Поклонилась и пошла. Облачко пыли тянулось вслед за ней по дороге.


Утром взмывает в небо могучий гудок. Долго плывет над широкой рекой и медленно смолкает, словно спускаясь на землю…

Он смолк, и новый стал слышен звук, идущий с высоты. Шалагин в это время подходил к проходной, пропуская вперед Плещеева. Нахмурившись, Шалагин приостановился невольно, глянул вверх. И Плещеев поднял голову, черные очки его сверкнули на солнце.

В небе быстро вытягивались три белые полосы, венчанные блестящими черточками реактивных самолетов.

Шалагин улыбнулся и вошел в проходную в бесконечном потоке других людей…

1964

Комментарий

Впервые — Новый мир. 1964, № 9; Трое мальчишек у ворот и другие рассказы и повести. Л., 1964.

Киноповесть «Рабочий поселок» является одним из наиболее характерных произведений прозы Пановой, написанных специально для кино.

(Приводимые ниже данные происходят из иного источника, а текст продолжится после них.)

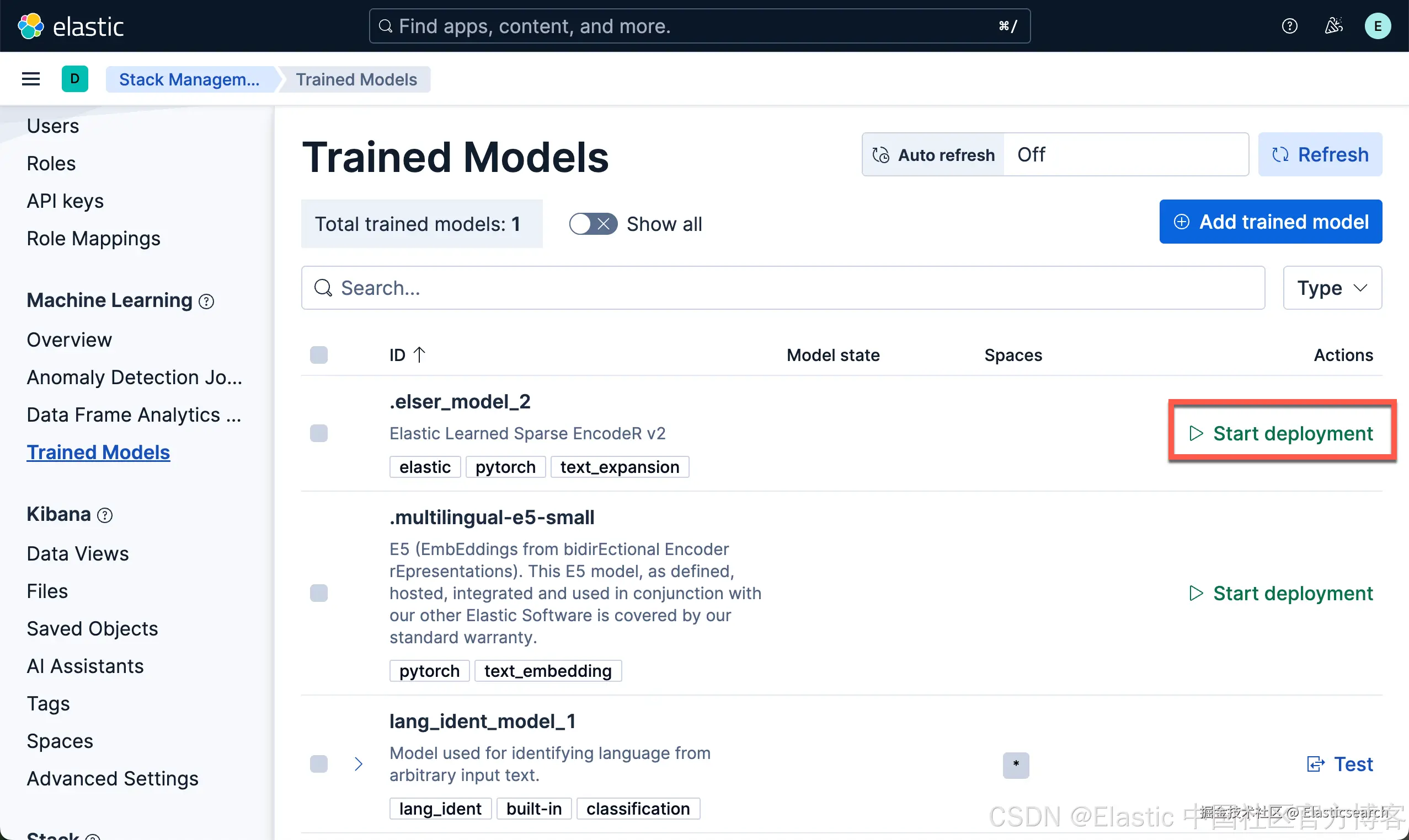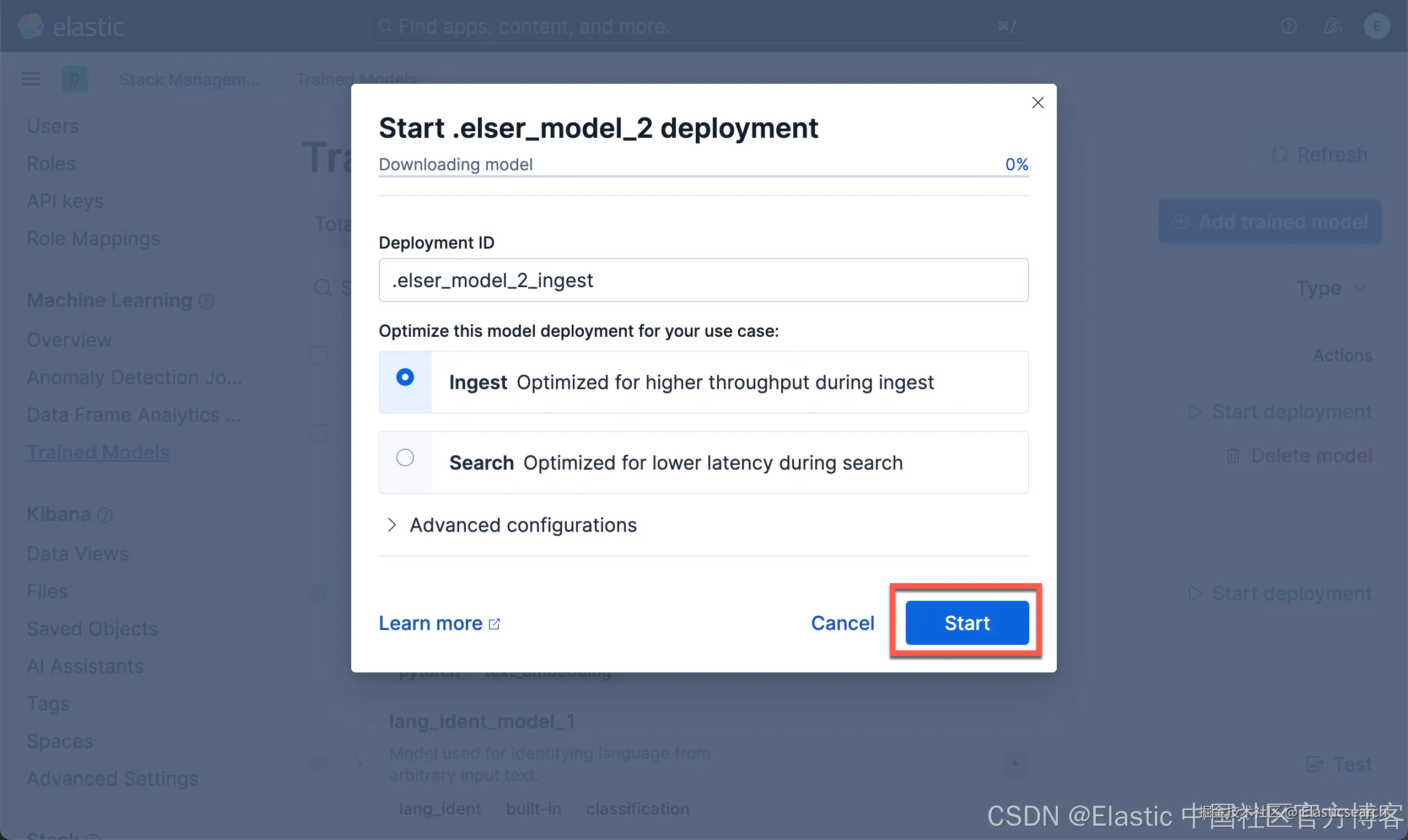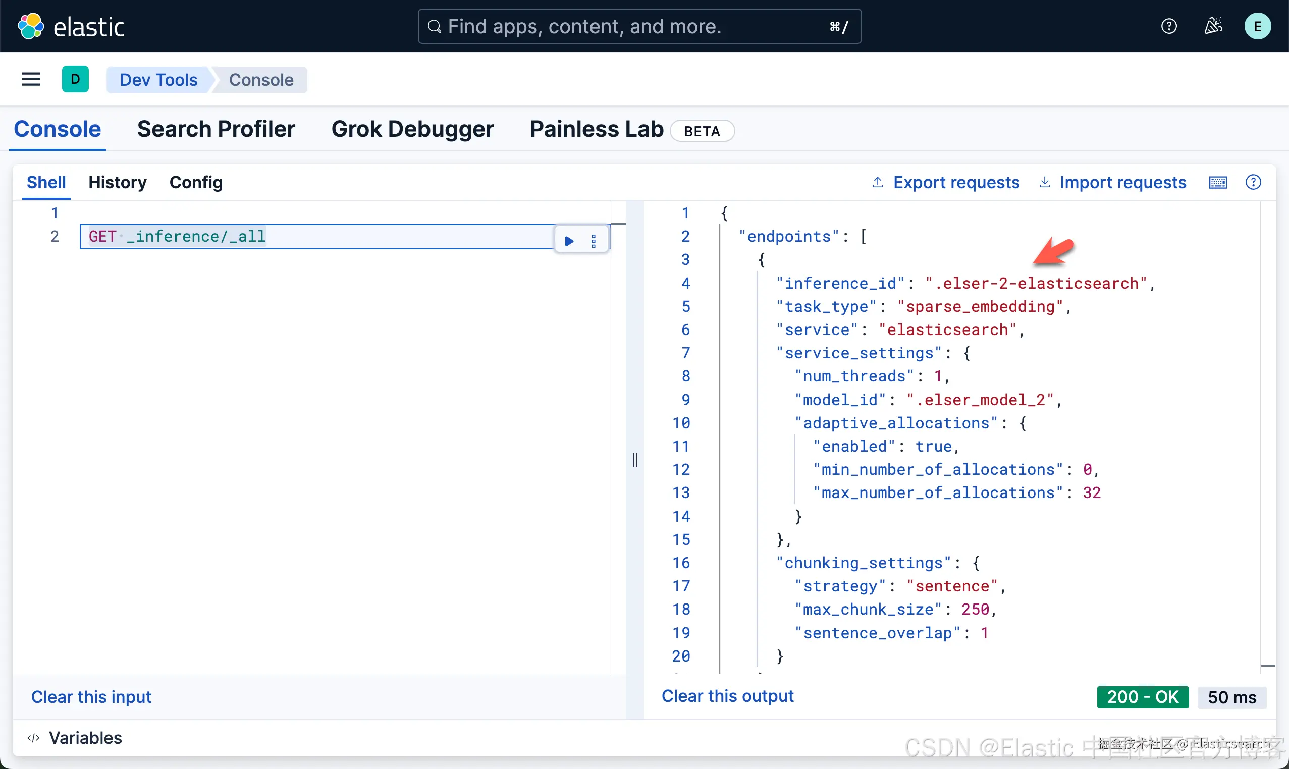 在下面,我们将使用如上所示的 .elser-2-elasticsearch inference id。

Создавая это произведение, Панова внимательно изучила историю Ижорского завода под Ленинградом, где в годы Отечественной войны проходила линия фронта, много раз бывала там, общалась с рабочими завода и их семьями. Однако «Рабочий поселок» был задуман и написан автором не как документальная хроника одного конкретного завода, а как обобщенная художественная история множества таких же заводских поселков, поднявшихся из руин и пепла после войны. Судьбы людей повторялись, и Панова стремилась проникнуть в суть сложных социальных процессов, определявших трудное послевоенное жизнеустройство. Проявления беззакония и произвола времен культа личности Сталина в ее киноповести показаны точно и объективно. Вместе с тем писательница задалась целью объединить поэтически свои давние и заветные темы, представить в лицах возвращение и возрождение как определяющий, типичный сюжет послевоенной литературы и кинематографа конца пятидесятых начала шестидесятых годов. Это качество «Рабочего поселка» верно отметил А. Твардовский, принявший сценарий Пановой для публикации в «Новом мире». «И хотя Твардовский не был любителем этого жанра, — свидетельствует А. Кондратович, — он напечатал сценарий с большой охотой: „Вот она и сценарий сделала прозой, его читать можно как настоящую прозу, а не полуфабрикат. Посмотрите самое начало: „Река течет широко, медленно и серебряно.“ Это поэзия! Чувство слова настоящему писателю никогда не изменят, за что бы он ни брался“». (Кондратович А. «Ровесник любому поколению». Документальная повесть. М., 1984. С. 330).

Достоинства «Рабочего поселка» как настоящей художественной прозы в полной мере оценили и режиссер В. Я. Венгеров, завершивший в 1965 году постановку этой картины на Ленфильме, и многие замечательные артисты, занятые в фильме. Рассказывая о работе над сложной драматической ролью Марии, жены ослепшего фронтовика Григория Плещеева, Людмила Гурченко писала, что рядом с ней был режиссер, которому она глубоко доверяла. «А у нас обоих — прекрасный литературный сценарий, в котором можно было найти убедительные психологические мотивировки, бытовые подробности, тонкие наблюдения. Честно говоря, я впервые встретилась со сценарием, где не была изменена ни одна реплика, ни одно авторское слово и над которым все работали с огромным увлечением». (Гурченко Л. Желанная роль // Работница. 1966, № 2. С. 15).

Исполнителями основных ролей в «Рабочем поселке» были Н. Симонов (Сотников), В. Чекмарев (Мошкин), О. Борисов (Плещеев), Л. Соколова (Капустина), Т. Доронина (Полина) и др. Через весь фильм проходят песни Н. Шпаликова на музыку И. Шварца «Ты одна, одна на всех, моя Россия…», «Спойте мне про войну, про солдатскую вдову…», в музыке, как и в сюжете фильма, звучит время военное и послевоенное, возникает своеобразная хроника народной жизни, переданная сменой мелодий и настроений.